Development of the 2023 ACR/EULAR Antiphospholipid Syndrome Classification Criteria, Phase III-C Report: Assessment of Patient Scenarios (Derivation Cohort) and Refinement of Definitions
- PMID: 40621809
- DOI: 10.1002/acr.25599
Development of the 2023 ACR/EULAR Antiphospholipid Syndrome Classification Criteria, Phase III-C Report: Assessment of Patient Scenarios (Derivation Cohort) and Refinement of Definitions
Abstract
Objective: The 2023 ACR/EULAR Antiphospholipid Syndrome (APS) Classification criteria aim to identify patients with high likelihood of APS for research. Phases I/II of our four-phase methodological approach resulted in 27 candidate criteria organized in clinical and laboratory domains. Here, we summarize Phase III efforts to reduce and refine criteria using patient scenarios.
Methods: Using standardized definitions for candidate criteria, the Steering Committee collected antiphospholipid antibody (aPL)-positive cases referred for "suspected APS". Treating physicians assessed APS case likelihood using a Likert Scale. Poisson regression calculated risk ratios (RR) and 95% confidence intervals to quantify the direction and size of the association of candidate criteria with "highly likely" versus "equivocal or unlikely" APS, which guided Steering Committee candidate criteria refinement and organization.

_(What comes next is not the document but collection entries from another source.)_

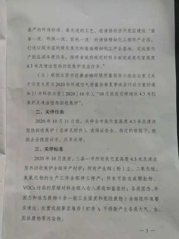 千万吨焦化产能将关停!太原市关于按期完成焦化产能淘汰任务的通知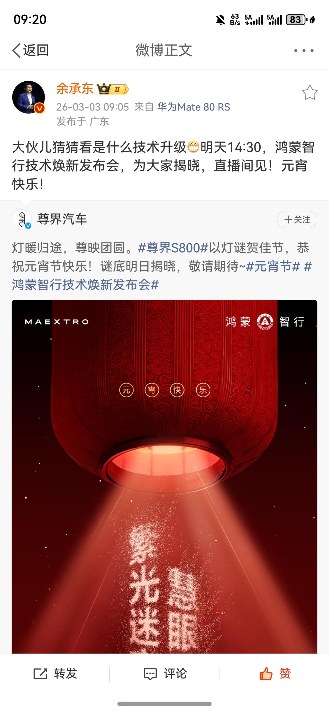 好消息!余总亲自爆料了!鸿蒙智行3月4日14:30技术发布会来了!已经曝光了超高线激光雷达,还有这个大灯技术,看着像是超光谱成像,大伙儿猜猜看是什么技术升级?我们敬请期待一下吧!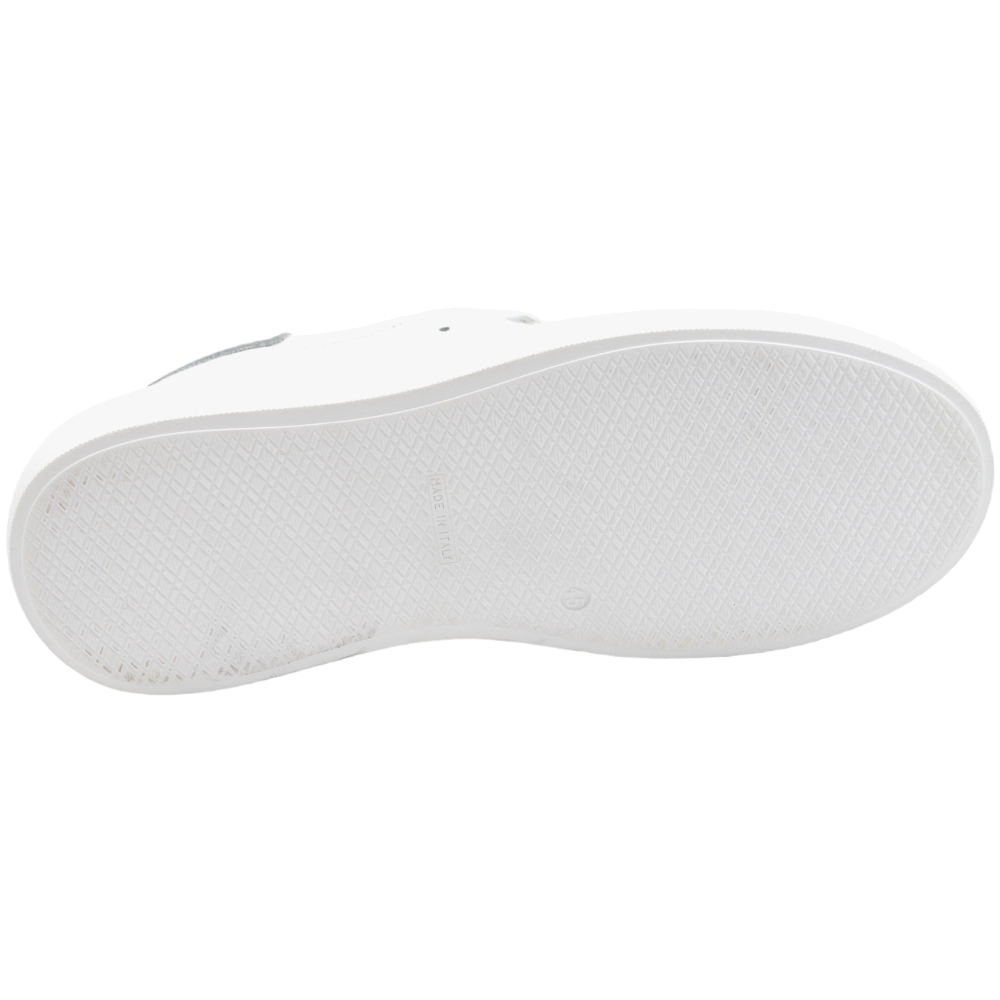 Sneakers bassa uomo bianca in vera pelle riporto argento dietro lacci in tinta fondo army bianco moda uomo made in italy.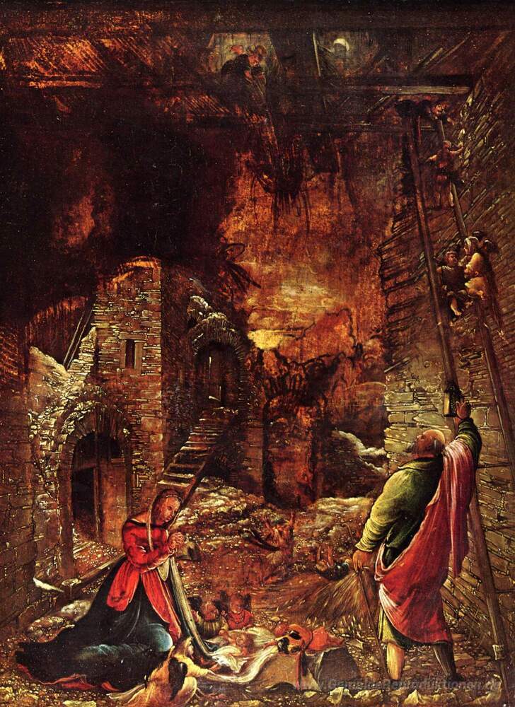 Wir bieten Ihnen eine handgefertigte Reproduktion auf Leinwand des berühmten Kunstwerks 'Geburt' von Albrecht Altdorfer, aus dem Reproduktionsmuseum.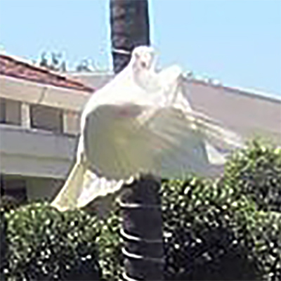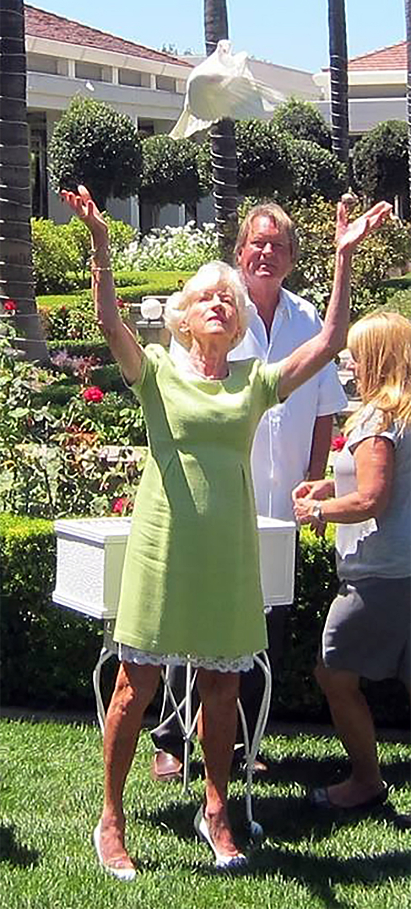 Mary, the grand-daughter of President Roosevelt, releases a dove of peace into the California sky above the Nixon Library. In honor of unity between China and America.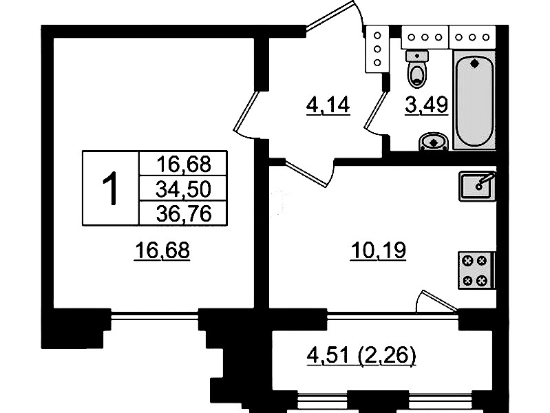 - Площадь36,76 м2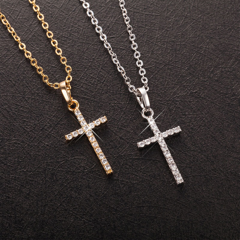 Cross-border hot-selling hip-hop diamond-encrusted cross pendant necklace men and women all-match retro neck chain clavicle chain jewelry wholesale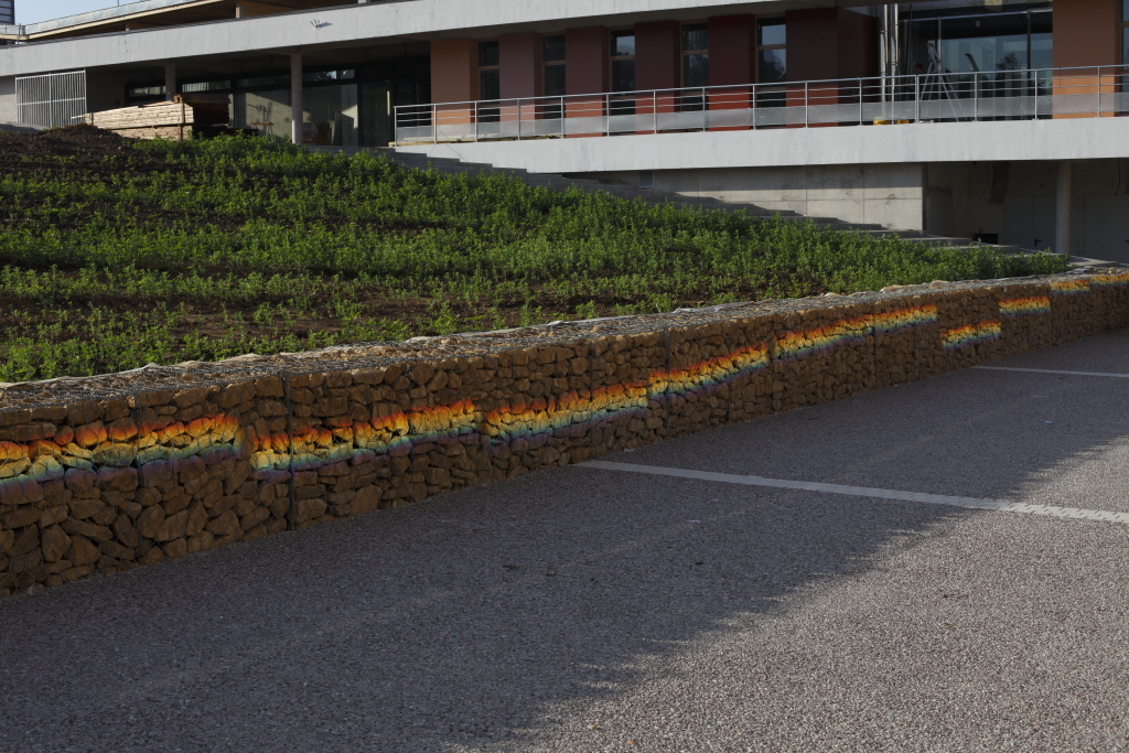 Lycée Agricole Régional Mathieu de Dombasle à Malzéville. Miroir biseauté, une ligne horizontale de 64 mètres.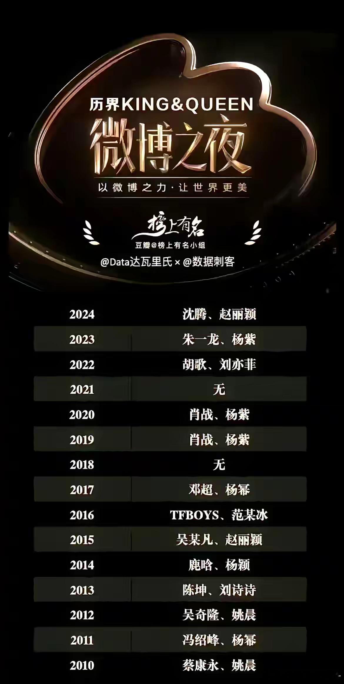 盲猜一下今年微博之夜你心目中的King和Queen会是谁呢?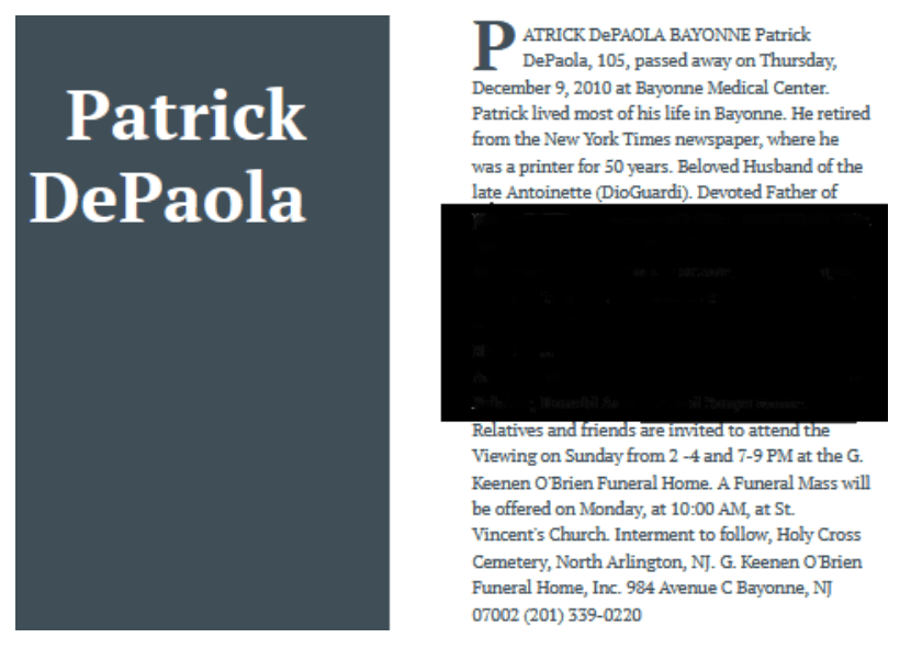 One startling example is Patrick DePaola of Bayonne. He was born, according to the voter roll, on July 28, 1905. He worked for 50 years as a printer for The New York Times.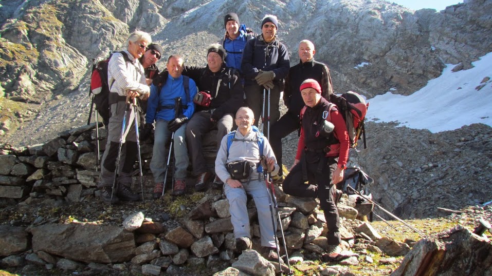 Finalmente s'inizia a salire veramente per combattere un po' il freddo e l'umidità che ci entrano nelle ossa, alla faccia di Meteosuisse. Camminiamo da un'ora quando incontriamo i ruderi delle baite di Scheene Biel, 2268. Siamo nell'anfiteatro di Furggubäum, che dà il nome alla bocchetta ed alla punta, per noi “d'Aurona”. Continua la lotta fra nebbia e sole. Finalmente, dopo due ore di marcia, il sole la spunta, a quota 2500 circa, dove incontriamo un rudere in prossimità di un laghetto semi-ghiacciato. Ieri, a quest'altezza, c'è stata una leggera spruzzata di neve che, nella notte, si è trasformata in ghiaccio.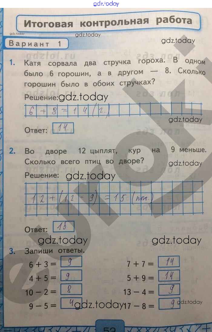 На страницах сайта gdz.today вы найдете учебный и вспомогательный материал, направленный на улучшения знаний школьной программы. ГДЗ - онлайн мир знаний Решение к части 2. Страницы 52 Контрольным работам по Математике для 1 класса Рудницкая Экзамен УМК 2014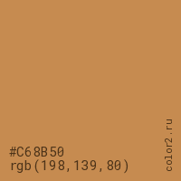 Цвет #C68B50 в цветовой модели RGB обозначается тремя октетами (198, 139, 80) в десятичном формате и #C68B50 в шестнадцатиричном (hex) формате, которые являются интенсивностью красного 198 (hex C6), интенсивность зелёного 139 (hex 8B) и интенсивность синего 80 (hex 50).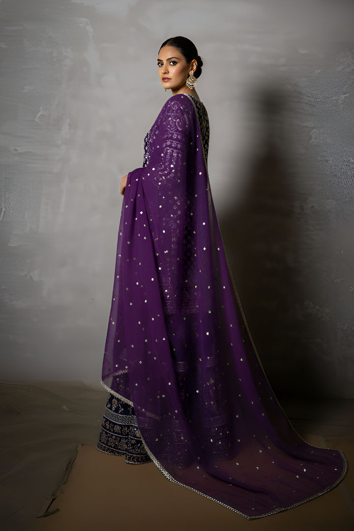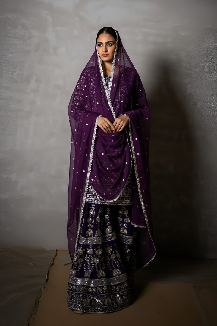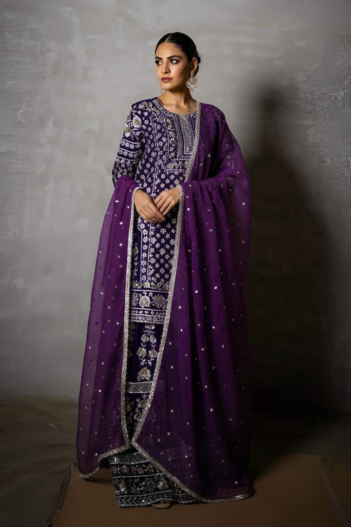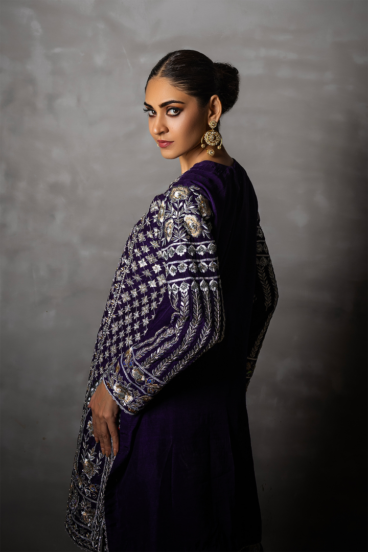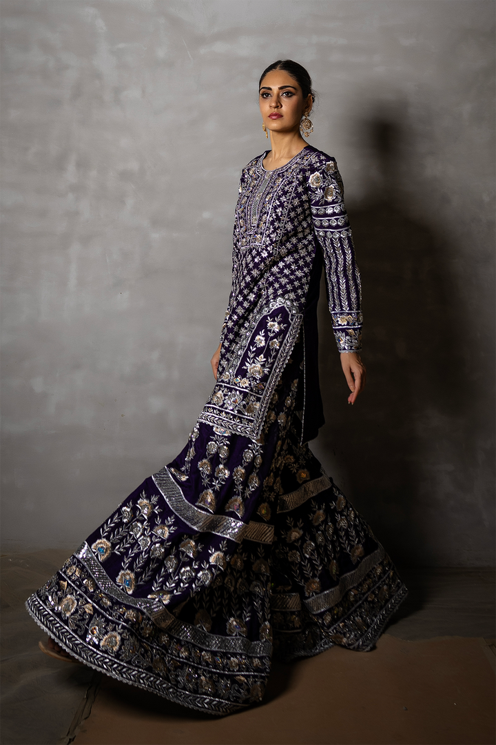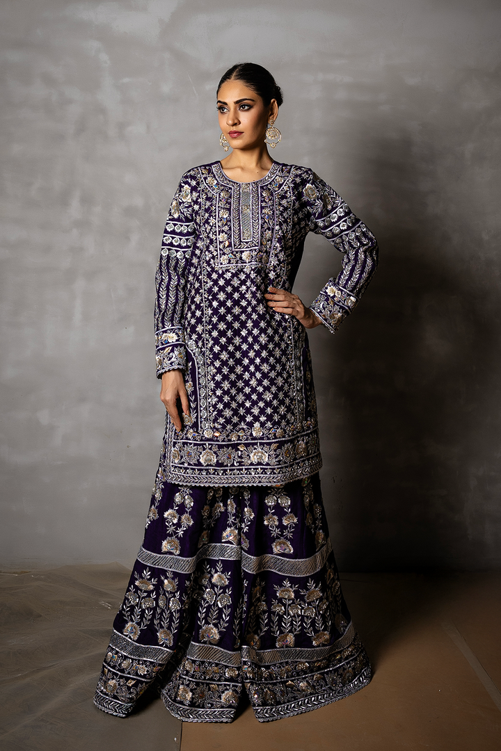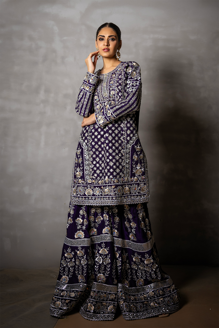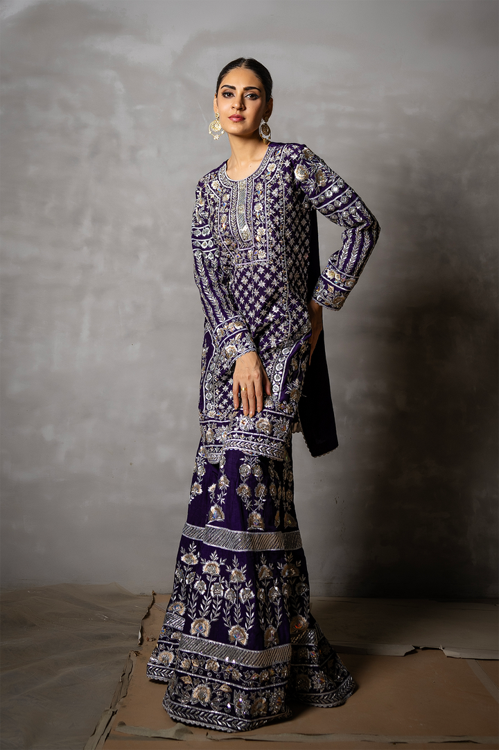 A bold jewel-toned sharara set in deep purple katan silk. The straight-cut shirt is richly embellished with resham, zari, sequins, and stone detailing, paired with voluminous sharara bottoms for a dramatic festive silhouette. Designed for the modern woman who seeks tradition with a statement edge.

Results: We collected 314 suspected APS cases (137 [44%] highly likely, 177 [56%] equivocal/unlikely APS). Provoking venous thromboembolism (VTE) or arterial thromboses (AT) risk factors reduced the size of the association with highly likely APS (RR 4.31 [95%CI 2.11-8.78] to RR 1.56 [95%CI 0.89-2.75] for VTE, and RR 3.48 [95%CI 1.91-6.32] to RR 1.64 [95%CI 0.77-3.51] for AT). Persistent lupus anticoagulant, anticardiolipin IgG antibody >40U, and anti-β2-glycoprotein-I IgG antibody >40U were positively associated with highly likely APS (all p<0.05). Eventually, items within eight additive and independent clinical and laboratory domains were refined.
Conclusion: Referred suspected APS cases provided insight into associations of individual candidate criteria with APS likelihood. Risk ratio analyses helped refine items and organize the draft classification system into eight additive and independent clinical and laboratory domains.